High-level pipeline:

  1. scratch_llama2/build_stories260k_sprite3.py reads:
    • artifacts/stories260K.bin (the smallest llama2.c checkpoint)
    • artifacts/tok512.bin (tokenizer vocabulary)
  2. It quantizes the weight matrices to Q8_0 (group size 4) and packs 4 signed int8 values into one u32.
  3. It lays out everything into a single Scratch list !stack:
    • packed weights + per-group scales
    • RMSNorm weights
    • RoPE cos/sin tables (for a reduced SEQ_LEN)
    • runtime buffers (x/xb/hb/q/att + KV cache)
  4. It writes scratch_llama2/generated_layout.h with 1-indexed addresses into !stack.
  5. It compiles scratch_llama2/llama2_scratch.c to LLVM IR (scratch_llama2/llama2_scratch.ll) using:
    • clang --target=i386-none-elf (keeps pointers as 32-bit ints)
  6. It runs llvm2scratch to turn LLVM IR into Scratch blocks, then exports .sprite3 and .sb3 outputs.

Runtime UI:

  • !!output (list) stores generated token IDs.
  • !!vocab (list) stores token pieces (strings).
  • !!text (variable) accumulates decoded text; the sprite says it continuously.
  • !!resets (variable) increments when the compiler triggers a broadcast-based “stack reset” (progress indicator + avoids JS call stack blowups).
  • !!status (variable) shows a high-level state machine (Edit params... -> Running... -> Done.).
  • ui_* variables let you adjust sampling/generation settings from TurboWarp/Scratch UI.

Build

Requires:

  • clang
  • uv (and Python >= 3.12; llvm2scratch requires it)

Command:

# If you don't have a usable Python yet:
# uv python install 3.12
#
# Optional: tune stack reset frequency for TurboWarp stability/perf.
# Lower = more stable (less likely to hit "Maximum call stack size exceeded"), but slower.
# Higher = faster, but can crash in TurboWarp.
# MAX_BRANCH_RECURSION=200 is the default.
MAX_BRANCH_RECURSION=200 \\
# Optional: number of tokens to generate (upper bound).
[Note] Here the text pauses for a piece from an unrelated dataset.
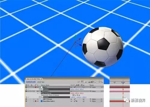 然后让我们使用摄象机做个动画,在时间轴0秒,选择摄像机1层,打P打开Position属性,并设置的X,Y,Z值2700,500,和-1000,5秒的位置,改变数值为-800,-600和-300 。预览一下,是不是很酷,只是有点假,球总是死死的在屏幕中心。
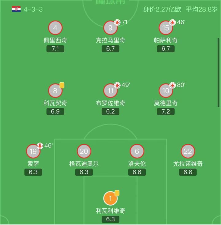 2球落后,达利奇其实已经没有其他选择,只能孤注一掷。换下上半场表现很差的索萨,换上弗拉西奇;又让奥尔西奇替下帕萨利奇,加强了左右两边的进攻。踢了几分钟达利奇感觉场面上没有任何用处,只好祭出了高中锋战术——佩特科维奇,但是换下的却是布罗佐维奇,准备放手一搏!此时,克罗地亚败局已定。其实阿根廷在高空防守上并不弱,奥塔门迪是本届世界杯空中争顶成功次数最多的,而克罗地亚前锋的身高不像荷兰那般占据绝对优势,阿根廷还是边路上的防守较为薄弱。

Defaults to 20.
# (Must be <= SEQ_LEN, currently 32.)
GEN_STEPS=20 \\
# llvm2scratch requires Python >= 3.12; pin via `--python` to avoid uv picking an older system Python.
uv run --python 3.12 --no-project --with-editable ./llvm2scratch python scratch_llama2/build_stories260k_sprite3.py

Outputs:

  • scratch_llama2/stories260k_inference.sprite3: sprite, blocks hidden (fast editor/import)
  • scratch_llama2/stories260k_inference_visible.sprite3: sprite, blocks visible (debug)
  • scratch_llama2/stories260k_inference_visible.sb3: standalone project wrapper around the visible sprite
  • scratch_llama2/stories260k_inference_visible_scratch.sprite3: Scratch-compatible sprite (no TurboWarp-only blocks)
  • scratch_llama2/stories260k_inference_visible_scratch.sb3: Scratch-compatible standalone project

Run (TurboWarp)

Sprite workflow:

  1. Import scratch_llama2/stories260k_inference_visible.sprite3 into TurboWarp (File -> Upload sprite or drag/drop).
  2. Select the sprite.
  3. Click the green flag.
  4. Edit ui_* variables (Variables panel).
  5. Press space (or click the sprite) to start.

Project workflow:

  1. Open scratch_llama2/stories260k_inference_visible.sb3 in TurboWarp (File -> Load from your computer).
  2. Click the green flag.
  3. Use the sliders/monitors on the stage to edit params.
  4. Press space (or click the sprite) to start.

What you should see:

  • !!status updates: Edit params... -> Running... -> Done.
  • !!resets increments periodically (a "still alive" indicator during long runs).
  • As tokens are generated, the sprite streams decoded text into its speech bubble (!!text).
  • For debugging, generated token IDs are appended to the !!output list.

Sampling UI:

  • ui_steps: max tokens to generate (<= 32).
  • ui_temperature: 0 => greedy; >0 => sampling.
  • ui_top_k: 1 => greedy; >1 => top-k sampling.
  • ui_top_p: nucleus cutoff in (0, 1] (use 1 to disable).
  • ui_seed: nonzero => deterministic; 0 => pick a random seed at start.
  • ui_prompt_preset: 0 => start from BOS; 1 => force the token prefix Once upon a time, (demo).

Run (Scratch)

Use the *_scratch.* outputs:

  • scratch_llama2/stories260k_inference_visible_scratch.sb3 (recommended)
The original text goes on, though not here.